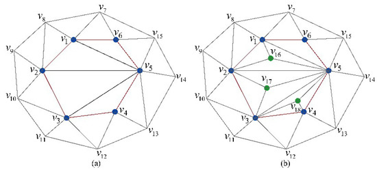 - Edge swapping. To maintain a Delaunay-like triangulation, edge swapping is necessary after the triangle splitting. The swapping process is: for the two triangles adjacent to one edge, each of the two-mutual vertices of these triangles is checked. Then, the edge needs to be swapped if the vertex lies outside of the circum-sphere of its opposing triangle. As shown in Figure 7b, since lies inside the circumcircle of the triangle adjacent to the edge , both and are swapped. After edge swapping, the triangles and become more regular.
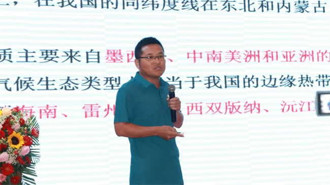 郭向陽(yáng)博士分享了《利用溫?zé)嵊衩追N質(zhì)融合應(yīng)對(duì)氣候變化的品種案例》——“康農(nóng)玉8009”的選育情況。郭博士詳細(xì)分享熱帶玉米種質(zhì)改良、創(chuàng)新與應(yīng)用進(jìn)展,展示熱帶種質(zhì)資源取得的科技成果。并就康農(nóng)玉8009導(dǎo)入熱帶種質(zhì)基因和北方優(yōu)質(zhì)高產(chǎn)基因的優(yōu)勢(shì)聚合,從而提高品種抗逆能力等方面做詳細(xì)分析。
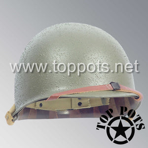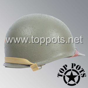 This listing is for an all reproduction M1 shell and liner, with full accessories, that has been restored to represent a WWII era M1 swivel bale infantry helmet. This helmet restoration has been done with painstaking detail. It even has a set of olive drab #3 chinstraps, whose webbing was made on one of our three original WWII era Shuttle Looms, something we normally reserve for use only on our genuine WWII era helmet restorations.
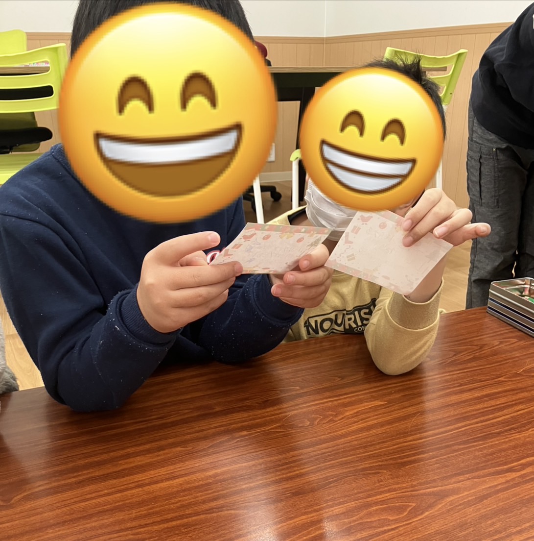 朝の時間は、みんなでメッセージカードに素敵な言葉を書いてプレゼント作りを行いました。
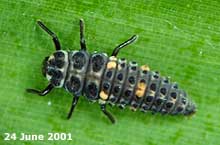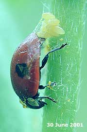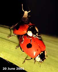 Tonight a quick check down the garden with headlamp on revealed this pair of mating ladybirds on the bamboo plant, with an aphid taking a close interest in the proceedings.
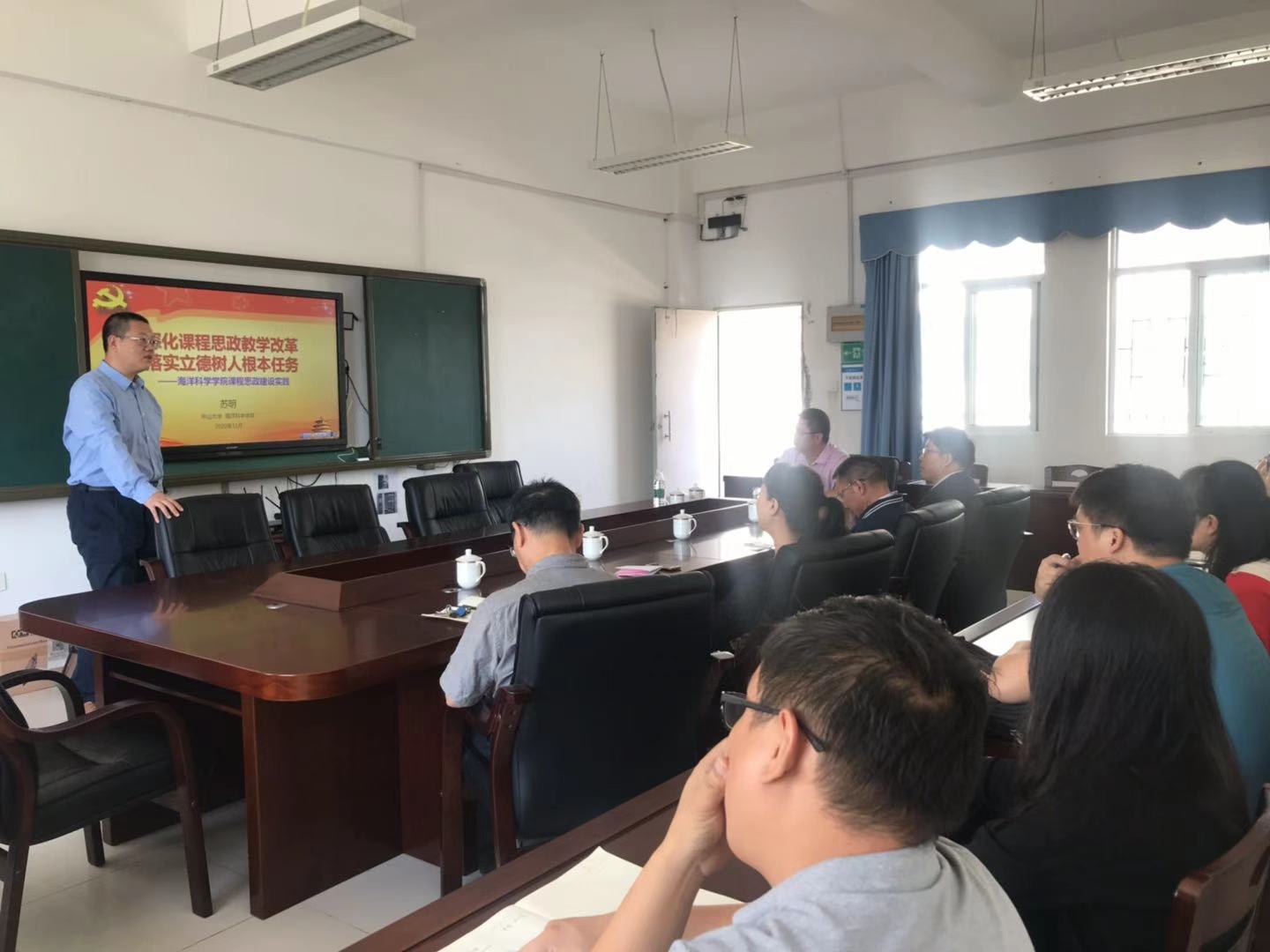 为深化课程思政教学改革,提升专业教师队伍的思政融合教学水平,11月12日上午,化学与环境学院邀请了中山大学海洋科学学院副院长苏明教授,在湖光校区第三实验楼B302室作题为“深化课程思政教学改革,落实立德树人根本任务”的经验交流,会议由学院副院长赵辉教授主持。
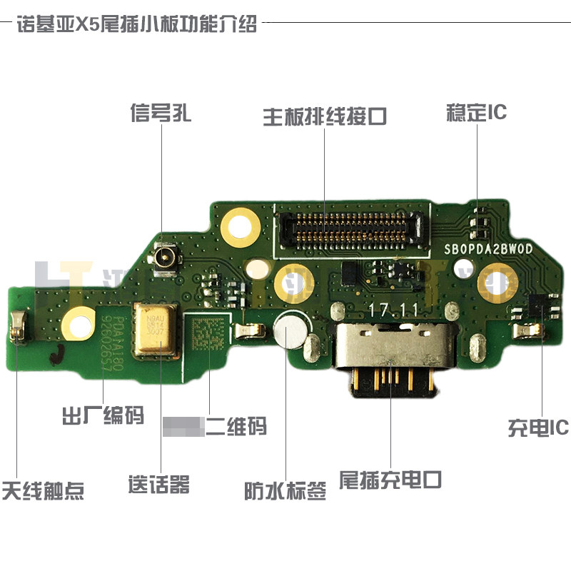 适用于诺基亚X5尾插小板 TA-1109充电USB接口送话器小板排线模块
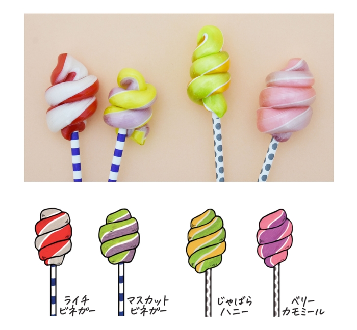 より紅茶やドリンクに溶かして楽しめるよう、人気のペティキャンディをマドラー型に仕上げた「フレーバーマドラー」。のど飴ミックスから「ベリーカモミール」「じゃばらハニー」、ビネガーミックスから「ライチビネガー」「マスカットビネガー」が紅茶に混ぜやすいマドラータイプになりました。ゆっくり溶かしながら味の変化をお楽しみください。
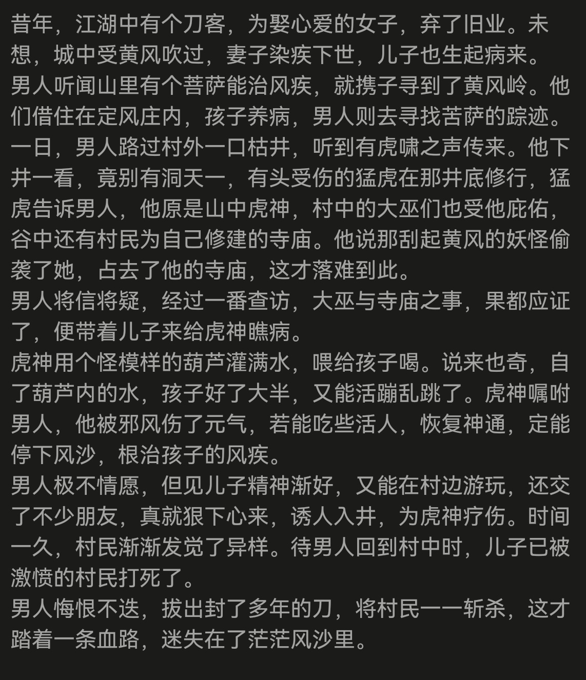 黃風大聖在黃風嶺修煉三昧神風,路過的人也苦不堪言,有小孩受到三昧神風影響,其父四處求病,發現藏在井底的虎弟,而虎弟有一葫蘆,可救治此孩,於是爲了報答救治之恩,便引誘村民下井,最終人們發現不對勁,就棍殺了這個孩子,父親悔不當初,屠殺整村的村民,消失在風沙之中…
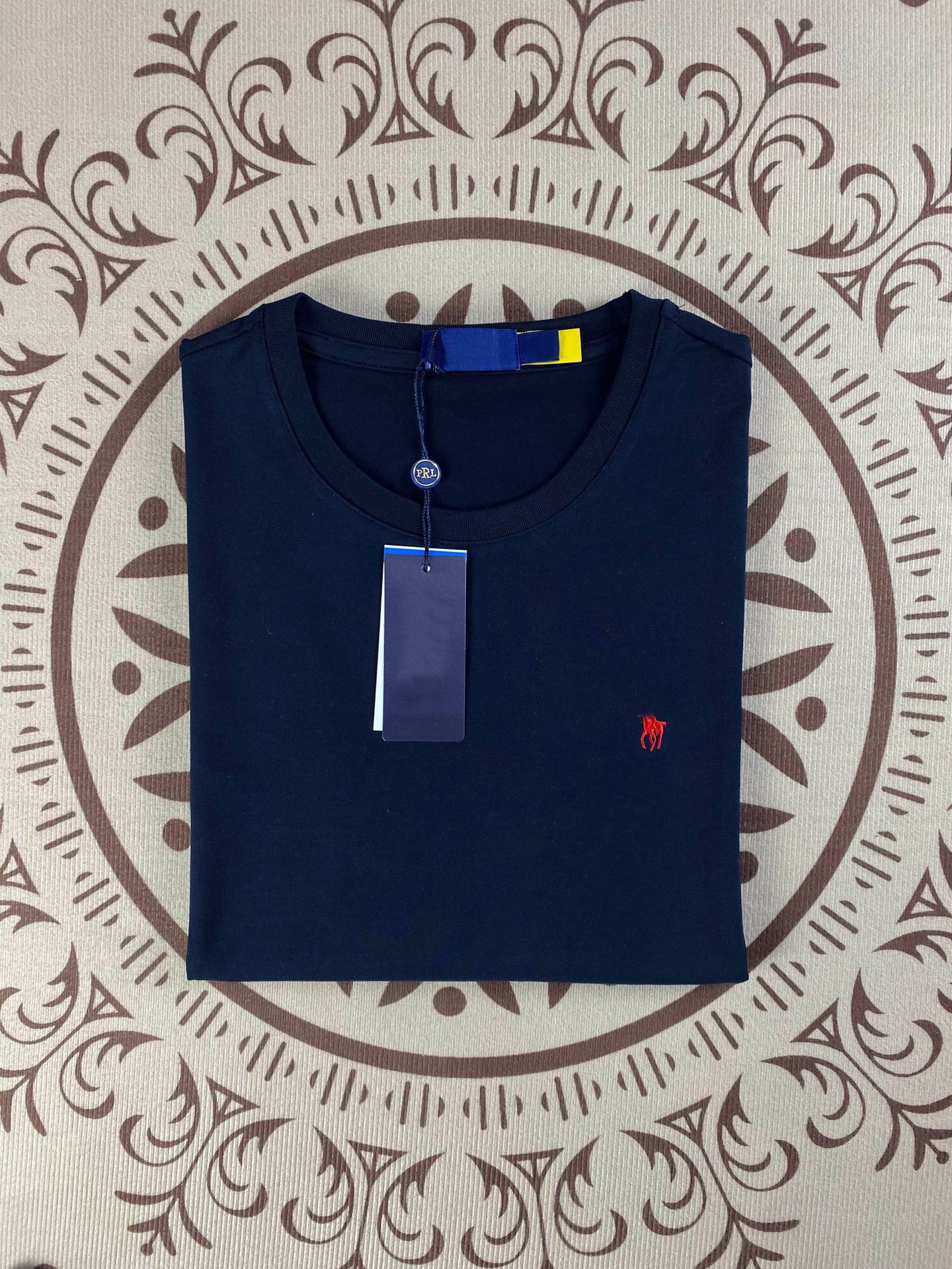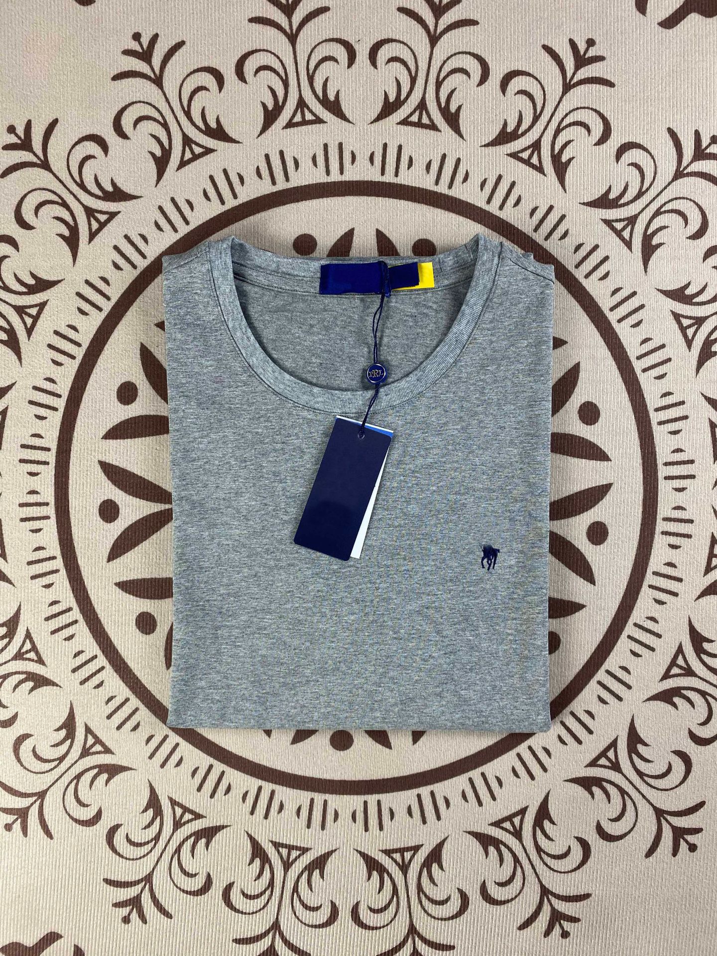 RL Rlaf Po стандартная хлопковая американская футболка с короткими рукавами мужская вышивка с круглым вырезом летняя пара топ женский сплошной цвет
::::::::::
Set down, exactly as written above, each line from the one with "为深化课程思政教学改革,提升" through the one with "より紅茶やドリンクに溶かして", and skip the pictures.

 为深化课程思政教学改革,提升专业教师队伍的思政融合教学水平,11月12日上午,化学与环境学院邀请了中山大学海洋科学学院副院长苏明教授,在湖光校区第三实验楼B302室作题为“深化课程思政教学改革,落实立德树人根本任务”的经验交流,会议由学院副院长赵辉教授主持。
 适用于诺基亚X5尾插小板 TA-1109充电USB接口送话器小板排线模块
 より紅茶やドリンクに溶かして楽しめるよう、人気のペティキャンディをマドラー型に仕上げた「フレーバーマドラー」。のど飴ミックスから「ベリーカモミール」「じゃばらハニー」、ビネガーミックスから「ライチビネガー」「マスカットビネガー」が紅茶に混ぜやすいマドラータイプになりました。ゆっくり溶かしながら味の変化をお楽しみください。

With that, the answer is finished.